Я переговорил с профессором и строго запретил давать тёмную воду в случае Сониного приступа, объяснив это тем, что сам буду помогать дочери и отслеживать дозировку.
Во мне крепла уверенность, что с каждой порцией принятой нами тёмной воды сущность, вселившаяся в нас, получает всё больший над нами контроль.
Во время следующего приступа, я объяснил Соне, что в этот раз нужно потерпеть, и посмотреть, может ли её организм самостоятельно справиться с недугом. Она продержалась день. На утро она уже умоляла дать ей этой проклятой воды. И я видел, как это действует на профессора. Бедный Август Альбертович метался между жалостью к девочке и уважением к родительской, то есть моей воле.
Мне было понятно, как видится эта ситуация со стороны профессора: спятивший, находящийся под постоянным действием опийной настойки, отец истязает дочь, запрещая давать ей верное средство, безобидную воду, тем самым обрекая её на муки ради проверки своих не вполне логичных гипотез.

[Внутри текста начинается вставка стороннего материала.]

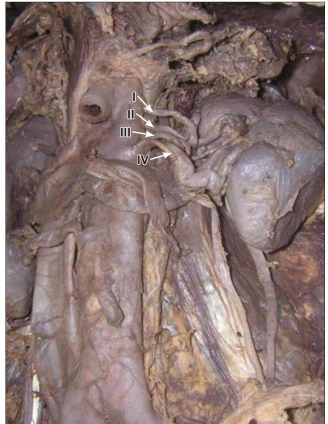
Figure 2. Photograph showing left kidney with four renal arteries. ( I : left renal artery-1; II : left renal artery-2; III : left renal artery-3; IV : left renal artery-4)

artery) in 0.4% of cases (1/266), irrespective of side [7]. In the present case, we also found 4 LRA; the second LRA was reaching the superior pole of left kidney. The variations in both right and left renal arteries make this case unique,
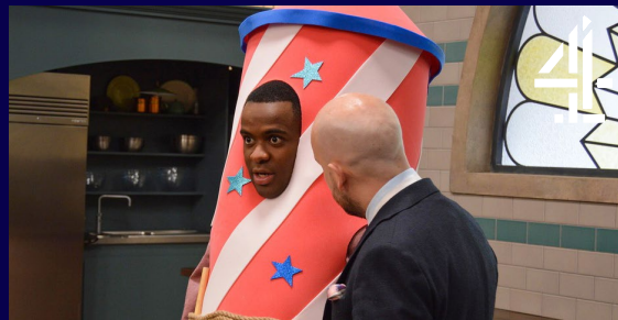
Bake Off: The Professionals - Tuesday 8pm

- Episode 2 of the show grew 2% week on week, delivering an overnight audience of 724k viewers
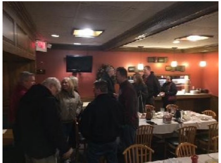
Time to check out... Thanks for coming, everyone!
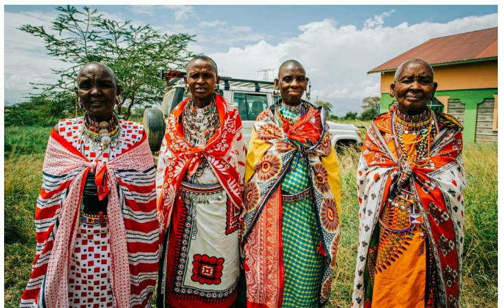
Maasai women adorned in vibrant, colorful garments
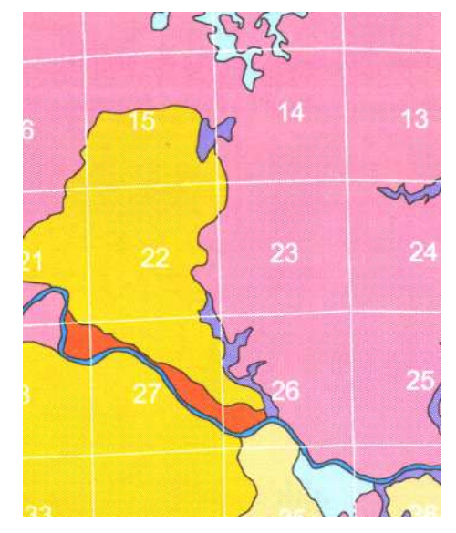
Figure 2.4. Presettlement Vegetation (pink area represents oak-hickory forest)

During the 1990's, strong growth pressures in Ann Arbor resulted in the development of additional hotels, commercial centers, office buildings and
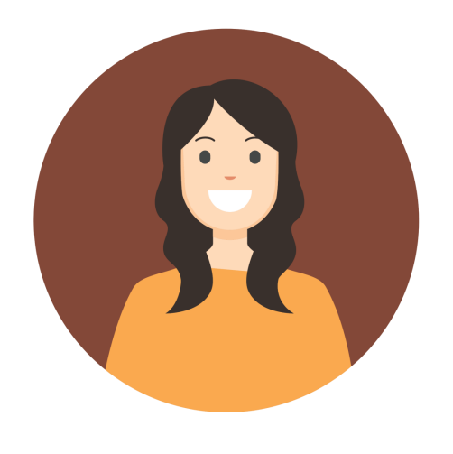
Expanding Your Network
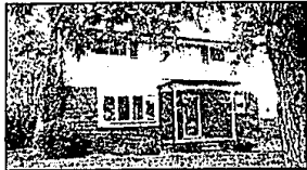
CONVENIENT ROYAL OAK LOCATION. Colonial with den or 4th bedroom on first floor, living room fireplace, large breakfast area. Two baths. Hardwood floors. Newer furnace and central air. $129,900. (644-6300) B15495
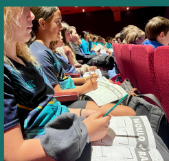
Strong Literacy & Numeracy
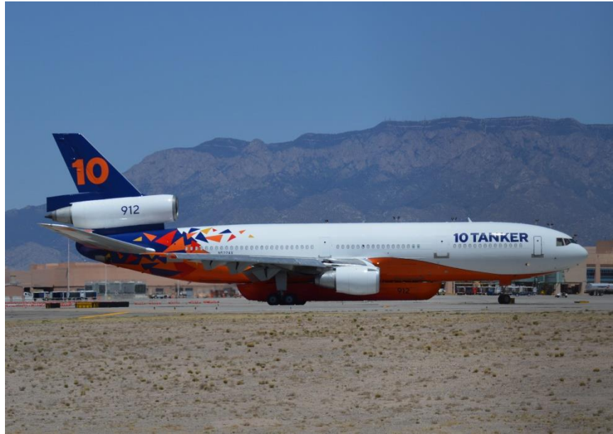
August 22, 2022 - 10 Tanker Air's DC-10 taxis at the Sunport on May 13, 2022. 10 Tanker Air and four out of state air tanker companies spent several weeks fighting New Mexico's Calf Canyon/Hermits Peak forest fires among others.
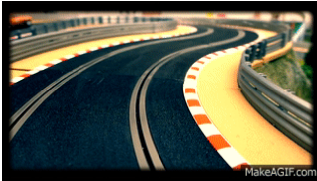
SLOT CAR RACING
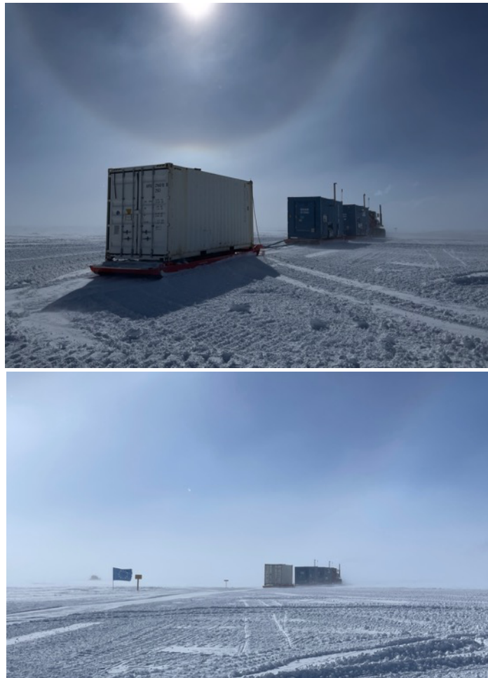
The generators and +4°C container on their way to Concordia.
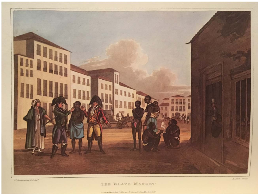
Figure 2. This plate, entitled “Slave Market” was originally painted by the British officer Henry Chamberlain (1796–1843), who visited Rio de Janeiro in 1819 and 1820. It depicts the surroundings of the Valongo, the famous docks where the Africans who survived the Middle Passage were sold in the markets as slaves. Around the commercial area of the Valongo and Rio’s waterfront, many of the stories discussed in this article unfolded. Chamberlain’s description reads: “The Plate represents an elderly Brazilian examining the Teeth of a Negress previous to purchase, whilst the Dealer, a Cigano, is vehemently exercising his oratory in praise of her perfections. The Woman looking on is the Purchaser’s Servant Maid, who is most frequently consulted on such occasions.”

Views and Costumes of the City and Neighbourhood of Rio de Janeiro, Brazil, from Drawings taken by Lieutenant Chamberlain, Royal Artillery, during the years 1819 and 1820, with descriptive explanations (London, 1822).
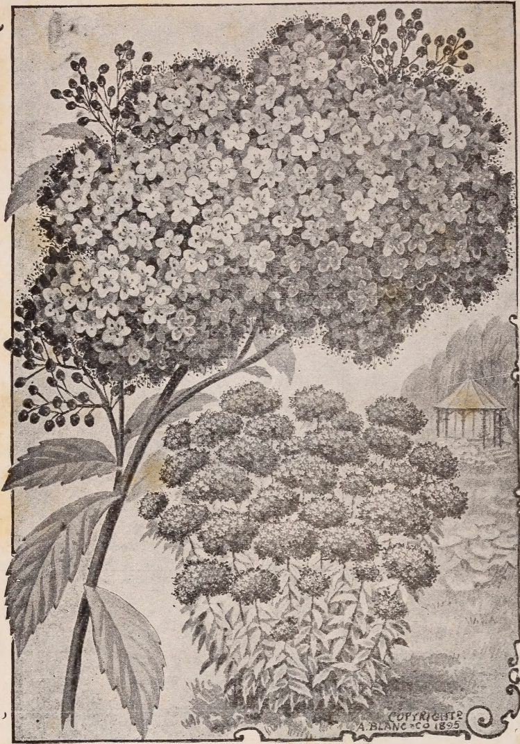
SPIREA ANTHONY WATERER.

Конечно, не зная о том, что помощь не придёт, Август Альбертович рассуждал вполне резонно, не понимая, почему мне так важно побороть зависимость от воды и иметь возможность уехать.
Меня же торопило то обстоятельство, что запасы лауданума подходили к концу, и я неожиданно понял, что следующим логическим шагом живущей в нас сущности будет убийство профессора. Что может помешать этому? Стоит мне только потерять контроль над собой и вполне логично, что профессор станет следующей жертвой в цепочке ритуальных убийств. Впрочем, это не совсем ритуальные убийства. Характер они имели вовсе не символический, а осуществлялись для увеличения силы той сущности, что поселилась в нас с Соней.
Я не мог позволить профессору погибнуть. И не только потому, что мне, как и всякому добропорядочному человеку противна мысль об убийстве невинного. Была ещё одна причина: Август Альбертович являлся нашей последней надеждой на излечение. Только он мог восстановить формулу состава, который помогал Соне и должен был помочь мне. Если, конечно, мои теории были верны.
На третий день мольбы Сони стали непрекращающимися, но тут и у меня случился приступ. Я принял лауданум и забылся. В это время сердобольный немец не выдержал и дал Соне воды.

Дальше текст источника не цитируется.